292.Which Breakfast Is The Healthiest And Most Popular? — Using Sas Data Analytics
Which Breakfast Is The Healthiest And Most Popular? — Using Sas Data Analytics
/*CREATING A DATASET OF REALWORLD BREAKFAST ITEMS SAS*/
1) Create dataset
options nocenter;
data work.realbreakfast;
length ItemID $6 ItemName $40 Cuisine $20 Type $8;
input ItemID $ ItemName : $40. Cuisine : $20. Type : $8. Calories PriceINR
PrepTimeMin;
datalines;
B001 Idli SouthIndian Veg 120 30 12
B002 Dosa SouthIndian Veg 220 45 15
B003 Poha Maharashtrian Veg 260 35 10
B004 Paratha NorthIndian Veg 350 50 20
B005 EggBhurji Indian NonVeg 200 40 12
B006 BreadJam Continental Veg 180 25 5
B007 Upma SouthIndian Veg 240 30 10
B008 AlooParatha NorthIndian Veg 420 55 22
B009 PuriSabji NorthIndian Veg 380 60 18
B010 Omelette Continental NonVeg 220 35 8
B011 MasalaDosa SouthIndian Veg 260 55 18
B012 OatsPorridge Continental Veg 150 40 7
;
run;
proc print;run;
Output:
| Obs | ItemID | ItemName | Cuisine | Type | Calories | PriceINR | PrepTimeMin |
|---|---|---|---|---|---|---|---|
| 1 | B001 | Idli | SouthIndian | Veg | 120 | 30 | 12 |
| 2 | B002 | Dosa | SouthIndian | Veg | 220 | 45 | 15 |
| 3 | B003 | Poha | Maharashtrian | Veg | 260 | 35 | 10 |
| 4 | B004 | Paratha | NorthIndian | Veg | 350 | 50 | 20 |
| 5 | B005 | EggBhurji | Indian | NonVeg | 200 | 40 | 12 |
| 6 | B006 | BreadJam | Continental | Veg | 180 | 25 | 5 |
| 7 | B007 | Upma | SouthIndian | Veg | 240 | 30 | 10 |
| 8 | B008 | AlooParatha | NorthIndian | Veg | 420 | 55 | 22 |
| 9 | B009 | PuriSabji | NorthIndian | Veg | 380 | 60 | 18 |
| 10 | B010 | Omelette | Continental | NonVeg | 220 | 35 | 8 |
| 11 | B011 | MasalaDosa | SouthIndian | Veg | 260 | 55 | 18 |
| 12 | B012 | OatsPorridge | Continental | Veg | 150 | 40 | 7 |
2) Add formatted price and calorie category
purpose: Create human-friendly categories for calories.
proc format;
value calcat
low - 199 = 'Low'
200 - 299 = 'Moderate'
300 - high = 'High';
run;
Log:
purpose: create formatted price column for display
purpose: attach calorie category
Here we already know that Put Function
Purpose: Converts numeric values to character values.

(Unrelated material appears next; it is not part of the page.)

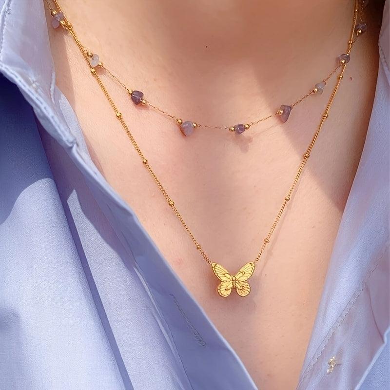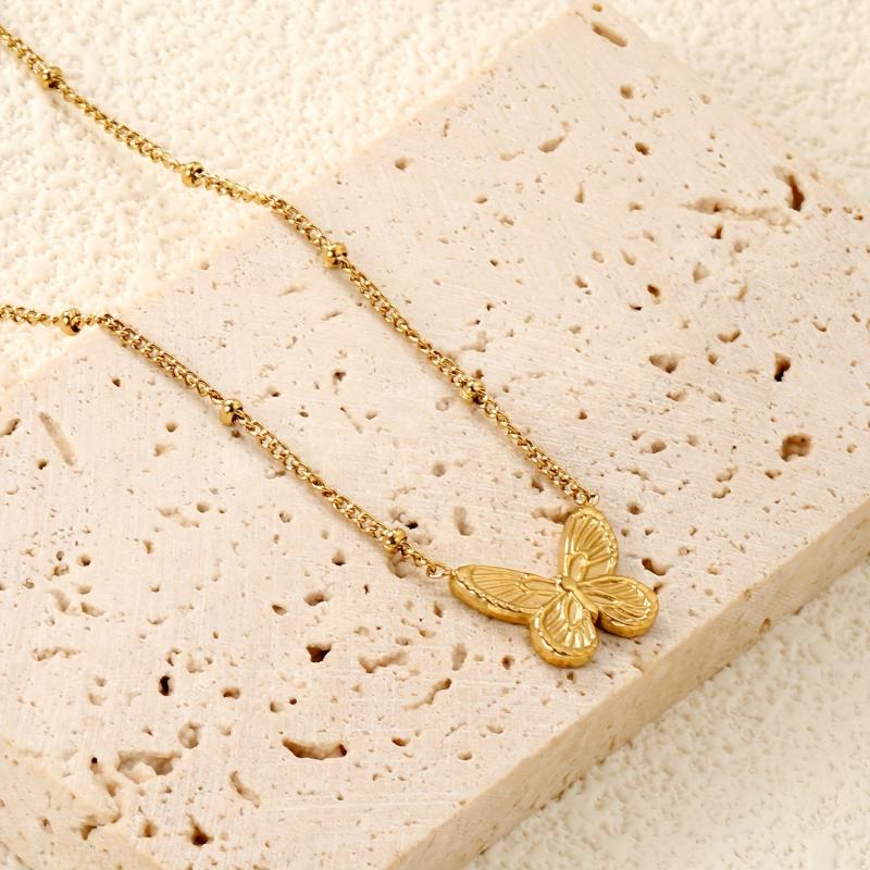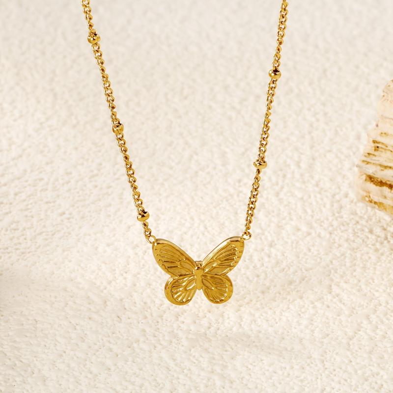 This stainless steel butterfly pendant necklace features a beaded chain for a vintage-inspired look. It's perfect for daily wear or gifting, suitable for both men and women.

data work.realbreakfast_fmt;
set work.realbreakfast;
PriceINR_f = put(PriceINR, dollar8.);
CalorieCat = put(Calories, calcat.);
run;
proc print;run;
Output:
| Obs | ItemID | ItemName | Cuisine | Type | Calories | PriceINR | PrepTimeMin | PriceINR_f | CalorieCat |
|---|---|---|---|---|---|---|---|---|---|
| 1 | B001 | Idli | SouthIndian | Veg | 120 | 30 | 12 | $30 | Low |
| 2 | B002 | Dosa | SouthIndian | Veg | 220 | 45 | 15 | $45 | Moderate |
| 3 | B003 | Poha | Maharashtrian | Veg | 260 | 35 | 10 | $35 | Moderate |
| 4 | B004 | Paratha | NorthIndian | Veg | 350 | 50 | 20 | $50 | High |
| 5 | B005 | EggBhurji | Indian | NonVeg | 200 | 40 | 12 | $40 | Moderate |
| 6 | B006 | BreadJam | Continental | Veg | 180 | 25 | 5 | $25 | Low |
| 7 | B007 | Upma | SouthIndian | Veg | 240 | 30 | 10 | $30 | Moderate |
| 8 | B008 | AlooParatha | NorthIndian | Veg | 420 | 55 | 22 | $55 | High |
| 9 | B009 | PuriSabji | NorthIndian | Veg | 380 | 60 | 18 | $60 | High |
| 10 | B010 | Omelette | Continental | NonVeg | 220 | 35 | 8 | $35 | Moderate |
| 11 | B011 | MasalaDosa | SouthIndian | Veg | 260 | 55 | 18 | $55 | Moderate |
| 12 | B012 | OatsPorridge | Continental | Veg | 150 | 40 | 7 | $40 | Low |
3) PROC PRINT: show dataset
purpose: Display the dataset in readable tabular form.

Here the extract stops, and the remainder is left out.